米国のバイデン大統領は21日夜、米国ではガソリン高が来年も続くとの予想を示し、OPECなど国外の産油国が供給を抑制しているためだと指摘した。また米最大の原油貯蔵拠点であるオクラホマ州クッシングの原油在庫は減少が続いており、原油価格が1バレル=100ドル超となった時期の水準に近づきつつある(23日付ブルームバーグ)。

 石炭や天然ガスの需要拡大によって原油価格にも影響が拡がった。これに対しOPECプラスでは増産拡大など価格調整の動きをみせなかったこともあり、原油価格が上昇した。

 原油価格のベンチマークともいえるWTI先物12月限の価格は25日に、85.41ドルまで買われ、2014年10月以来の高値を付けた。

 その2014年にWTI先物価格は100ドルを超えていた。それ以降、100ドルを超えることはなかった。しかし、オクラホマ州クッシングの原油在庫が2014年に100ドルを超えた水準と同程度ということは、100ドルに戻ることもありうるのか。

 すでに原油先物は100ドルを超えるとの見方は出てきている。たしかにチャートからみて100ドル超えもありうるかとみていたが、それが現実味を帯びてきたように思われる。

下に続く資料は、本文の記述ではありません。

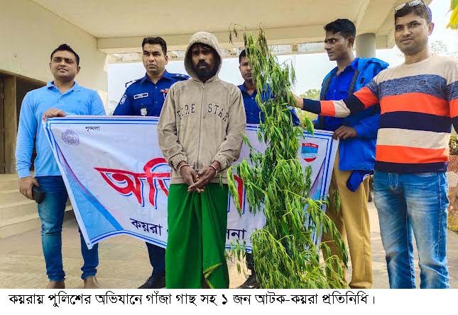 কয়রা থানার অফিসার ইনচার্জ এবিএমএস দোহা (বিপিএম) বলেন, কয়রা থানা পুলিশের মাদক বিরোধী অভিযানে তিনটি গাঁজাগাছ সহ একজন মাদক ব্যবসায়ীকে আটক করা হয়েছে। আটক ব্যক্তির বিরুদ্ধে মাদক দ্রব্য নিয়ন্ত্রণ আইনে মামলা হয়েছে। আসামীকে আদালতে প্রেরণ করা হয়েছে।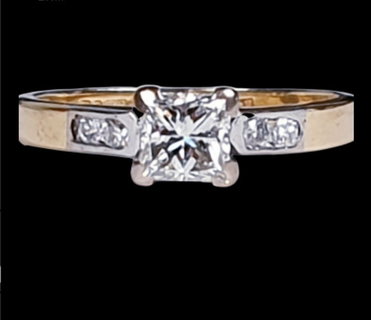Half a carat princess cut diamond set in a four claw mount with two diamonds to each shoulder all set in 18ct gold. Currently finger size J 1/2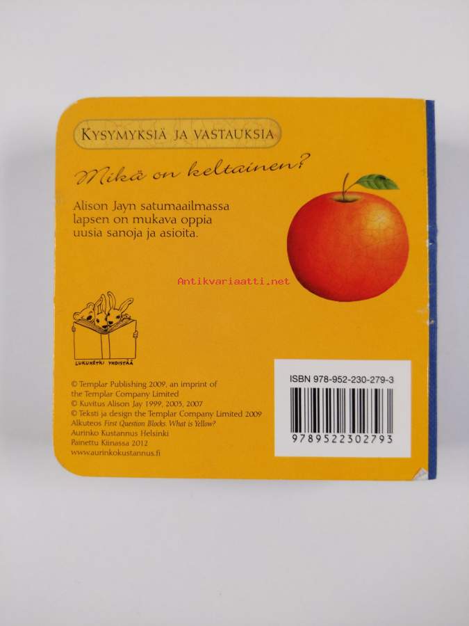 Sarja: Kysymyksiä ja vastauksia; Lukuhetki yhdistääAlkuteos: What is yellow?Asiasanat: lastenkirjallisuus, värit, kuvakirjat, paksulehtiset kirjat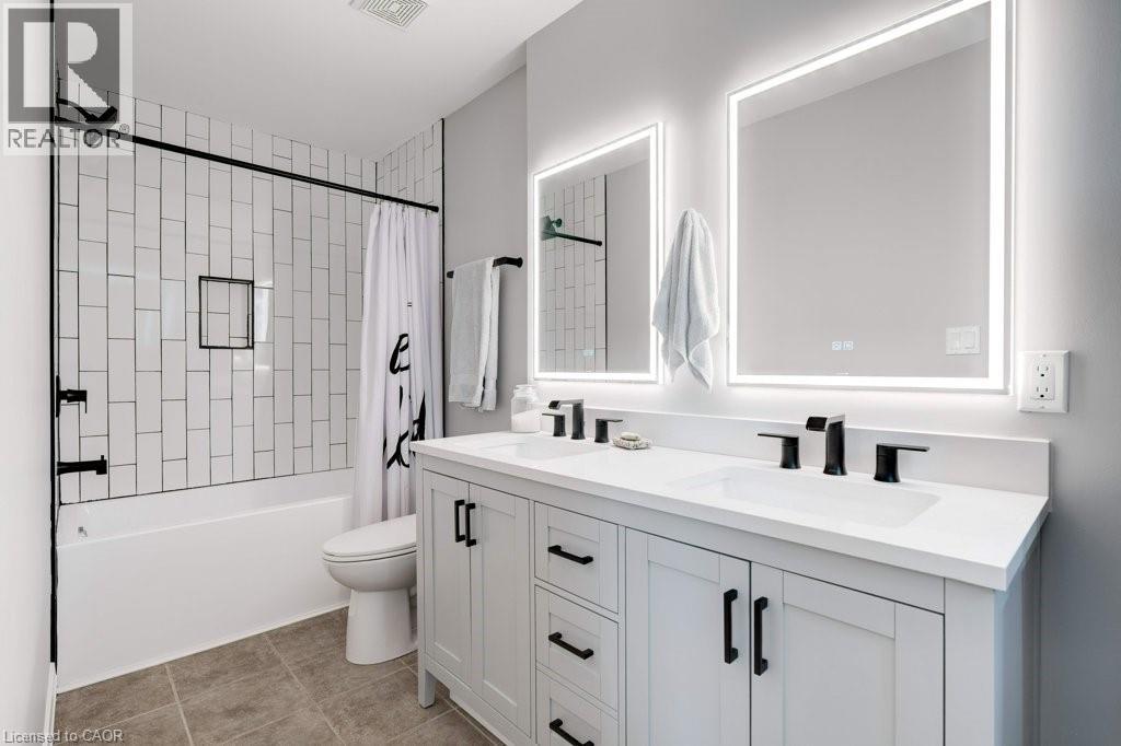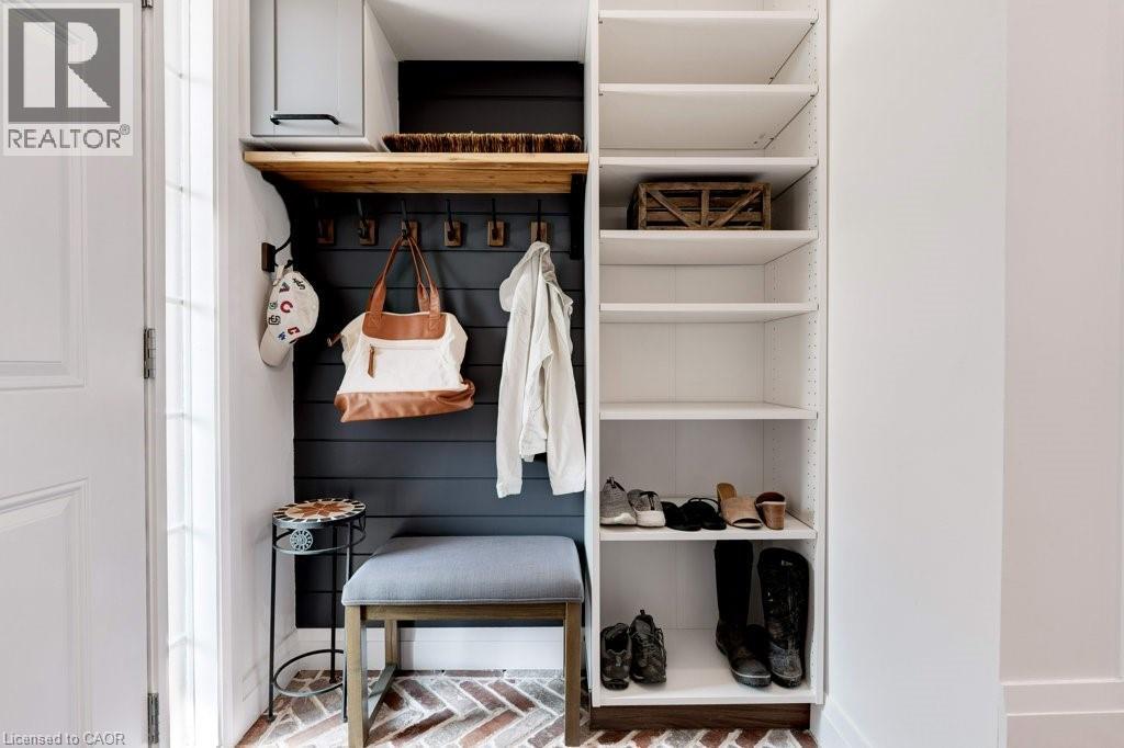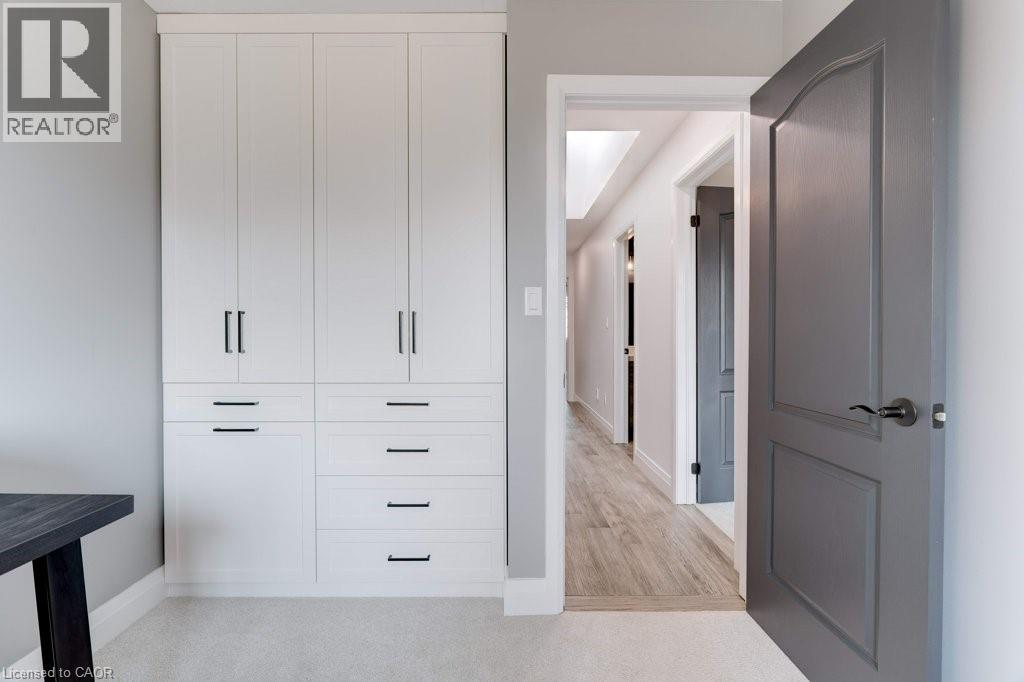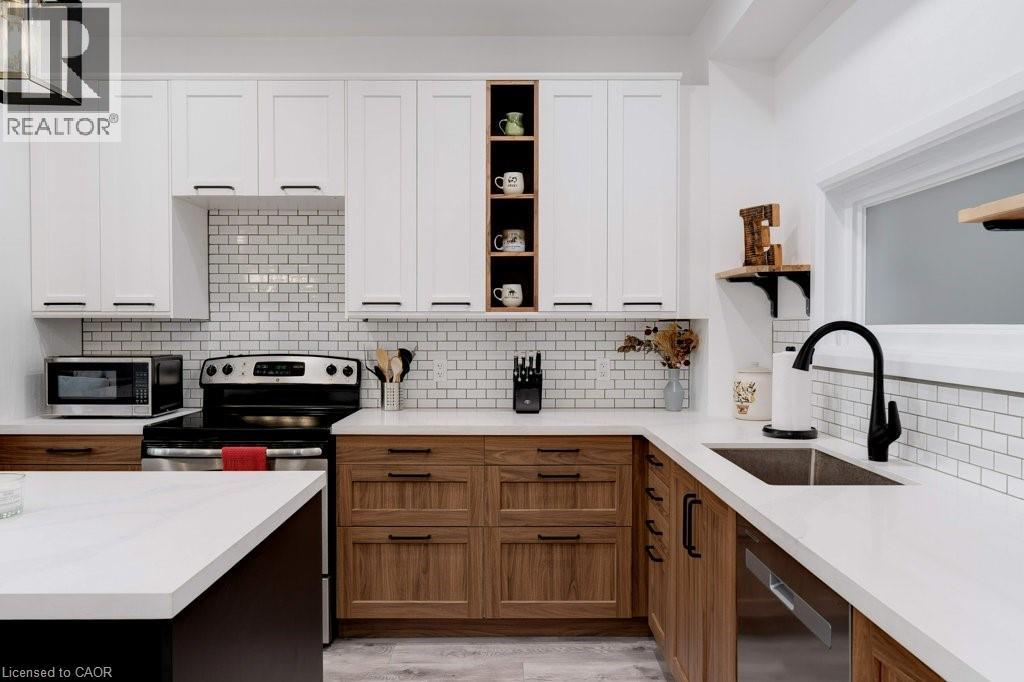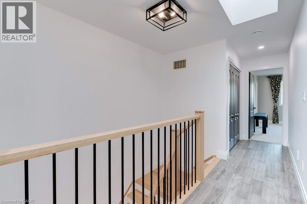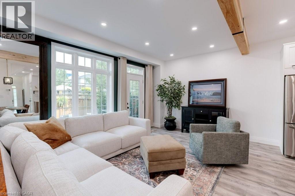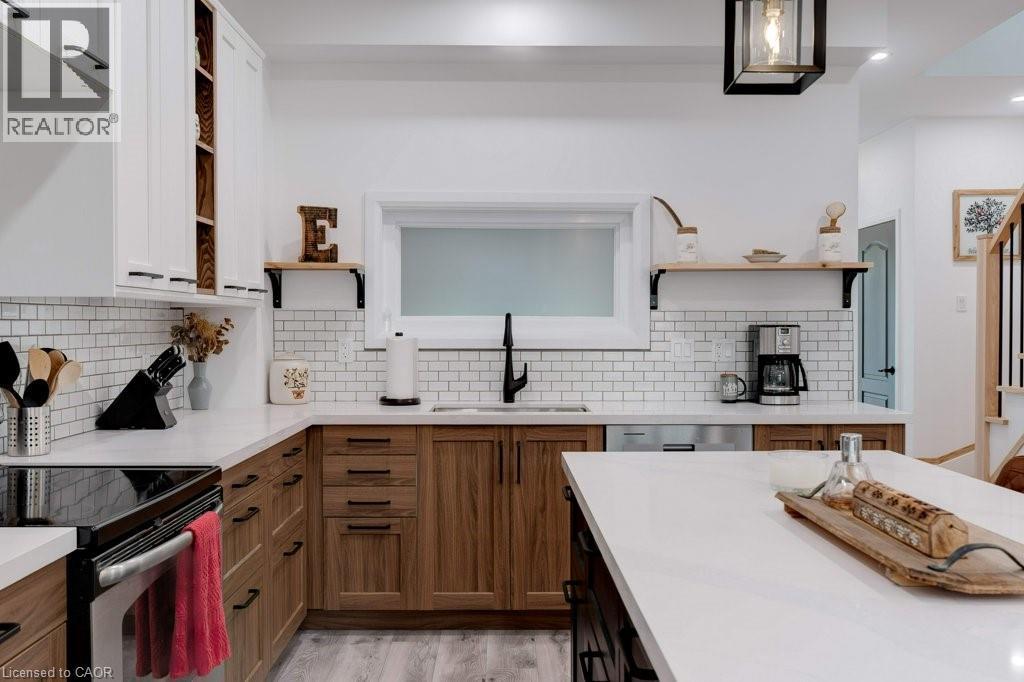 This beautifully upgraded freehold townhome in the heart of Waterdown delivers an exceptional blend of modern design, everyday comfort, and unbeatable convenience. Bathed in natural light, the home feels bright and inviting throughout, with a striking central skylight that fills the upper level with warmth. Completely renovated with permits in 2022, the thoughtfully reimagined layout offers seamless open-concept living that effortlessly connects indoor and outdoor spaces—ideal for both family life and entertaining. At the centre of the home is a stunning custom kitchen, completed in 2023, combining style and functionality with high-end finishes. A handcrafted hickory-clad beam adds character, while the custom staircase and railings create a standout architectural feature. Organization is elevated with built in custom California Closets installed in every bedroom and the upper-level laundry area, ensuring practical, well-designed storage throughout. Extensive upgrades provide both comfort and peace of mind, including a new roof in 2023 with a 40-year warranty, updated flooring, carpet, trim, and fresh paint. Roxul Safe ’n’ Sound insulation has been added to the main floor ceiling, interior walls, and party walls for enhanced privacy and quiet. The ducts and furnace were professionally cleaned in 2023, completing the home’s comprehensive list of improvements. Outside, professionally landscaped yard feature low-maintenance turf in the back, offering year-round greenery with minimal upkeep. Perfectly situated close to schools, parks, trails, the YMCA, shopping, dining, and vibrant downtown Waterdown, this home also provides quick access to Aldershot GO Station and major highways including the QEW, 403, 407, and Highway 6. Stylish, turnkey, and impeccably maintained, this is a rare opportunity to own in one of Waterdown’s most sought-after communities. Don’t be TOO LATE*! *REG TM. RSA. (id:4555)

 この原油先物価格の上昇にはいくつかの要因が絡んでいるが、少なくとも一時的なものとはいえなくなりつつある。バイデン大統領が指摘したように、米国ではガソリン高が来年も続くとの予想となっている。

 米国大統領でも原油価格を自由に操作できるわけでは当然ない。OPECやロシアなど非OPEC諸国の思惑も絡み合って、そこに経済正常化によるエネルギー需要の拡大が組み合わさっている。欧州の電力事情など季節的なやや特殊要因、さらには気候変動対策なども絡んできている。

 日本でも冬が近づき、灯油などの需要が増加し、いろいろな制限も解除されたことでガソリン需要も増えることが予想される。電力料金も上昇しているが、電力需要も増加することが予想される。原油高が景気や物価などに今後影響をさらに与えることも予想される。